Quanto às colocações sobre as constantes mudanças, estou completamente de acordo. Eu e a Filosofia carioca dos idos de 1950: tudo neste mundo é passageiro, menos condutor e motorneiro. Vivemos hoje sufocados por informações de todos os tamanhos e feitios. Televisão, rádio, jornais, Internet, iPods, iTunes, twitteres, facebooks, Blackberry bolds, mexericos das comadres, segredos inconfessáveis, o escambau. Como conseguir respirar e sobreviver, então, no meio desta selva, tentando “microscopar” a nossa própria identidade? Ficando apenas com o escambau. Porque, ou nos unimos, o que é utopia, (pois aquela do povo unido jamais será vencido foi a maior balela da paróquia), ou partimos para o individualismo do manda quem pode, obedece quem tem juízo, e nos estrepamos sem apelo nem agravo.
Como situar a problemática existencial humana nesse contexto? Sendo o contexto líquido, só de barco ou de submarino. E mesmo assim, com cuidado! O Titanic e o K-141 Kursk, considerados inafundáveis, não afundaram?

Ninguém quer saber quem e o que é.

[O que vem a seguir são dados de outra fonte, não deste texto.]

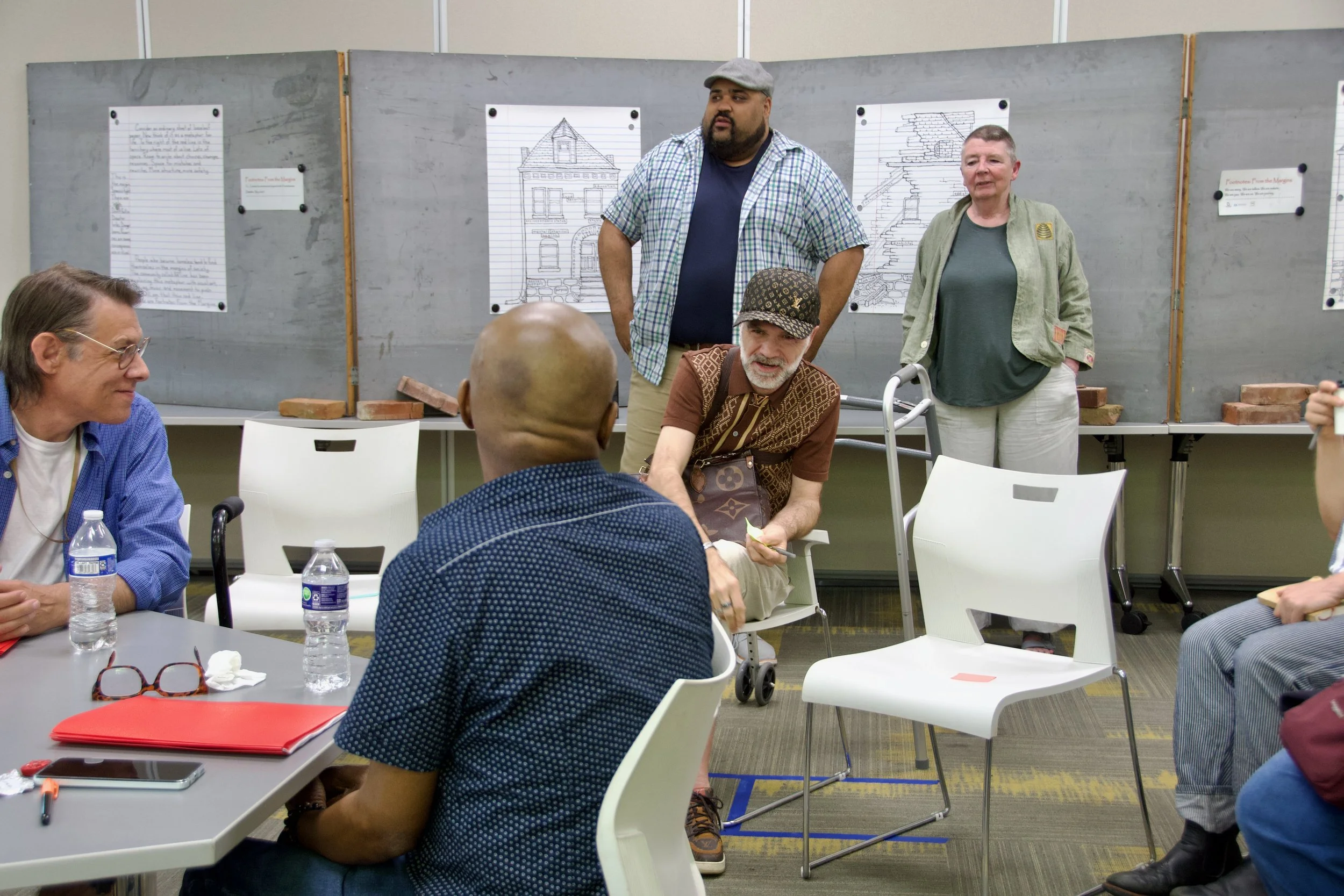 Footnotes has been performed regularly in the St. Louis area. It is part of several curricular programs i.e. Regional Arts Commission’s Community Arts Training institute, The Brown School for Social Work, Meramec Community College, Illinois Wesleyan University, and Leadership St. Louis. With each performance and with audience feedback, the script has grown and changed. The first script was 25 pages and took 40 minutes to perform. Since then, flexible versions and various runtimes can accommodate the addition of new stories and reach new audiences. The 2025 version of the performance was facilitated by artist and theater professional Carl Overly jr. with an eye to weaving together the past and the present, leaving room for future versions.
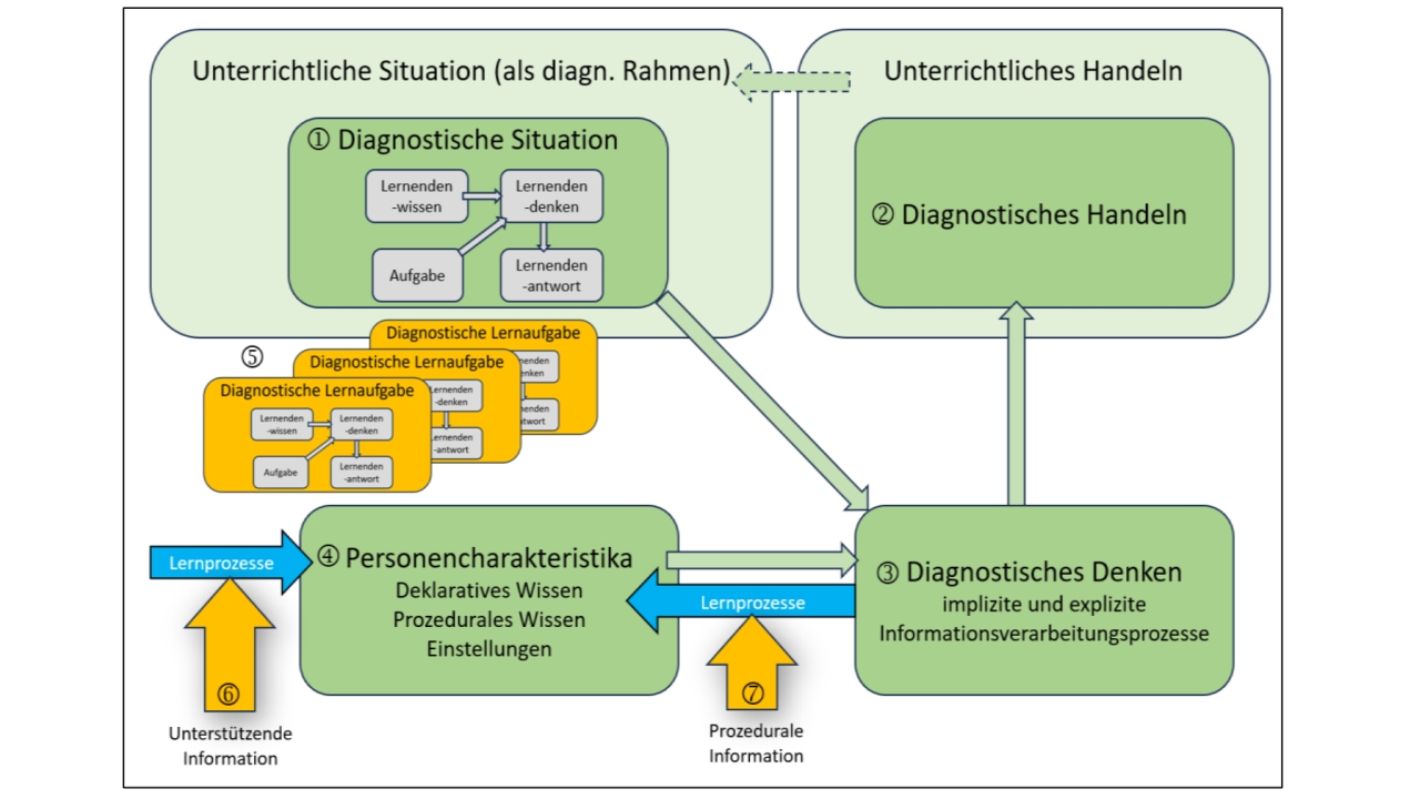 Ein Grund: Diagnostische Situationen im Unterricht sind hoch komplex. Lehrkräfte müssen unter Zeitdruck, oft parallel zu anderen Anforderungen, Informationen wahrnehmen, einordnen, mit eigenem Wissen verknüpfen und dann passende Entscheidungen treffen – etwa ein Feedback geben, Aufgaben anpassen oder eine Fördermaßnahme planen.

Por isso, todos mentimos e fingimos que somos vítimas sufocadas pela hecatombe de informações, mas ninguém quer abrir mão delas

FILOSOFIA • Em seu artigo artigo, Encontro de Paralelas 4 você defende que apenas um nome refletiu a bom termo sobre a questão ontológica da verdade: Sócrates, que foi condenado à morte por afirmar “porque não sei, não acredito saber”. Em que medida essa incerteza, dado que você diz, referindo-se aos seres humanos “vós fingis que optais só para que os outros pensem que vós ainda podeis optar e vos invejem”, impacta o conhecimento do homem sobre si mesmo?
Leiradella •
Eu citei Sócrates como poderia ter citado Protágoras, Melissos de Samos ou a D. Mariquinhas Farinheira, avó do meu compadre Zé das Couves. E citei-os porque, para dizer o que pensavam, nenhum deles necessitou escrever alentados ensaios, correta e “abntenicamente” formatados. Bastou uma simples frase. Protágoras apenas disse que “o homem é a medida de todas as coisas, das coisas que são enquanto são, das coisas que não são enquanto não são”; Melissos de Samos disse idem que “o que tem um princípio, ou um fim, não pode ser, nem eterno, nem infinito”, e a D. Mariquinhas disse ibidem “vai-te mundo, cada vez a pior”. E finis.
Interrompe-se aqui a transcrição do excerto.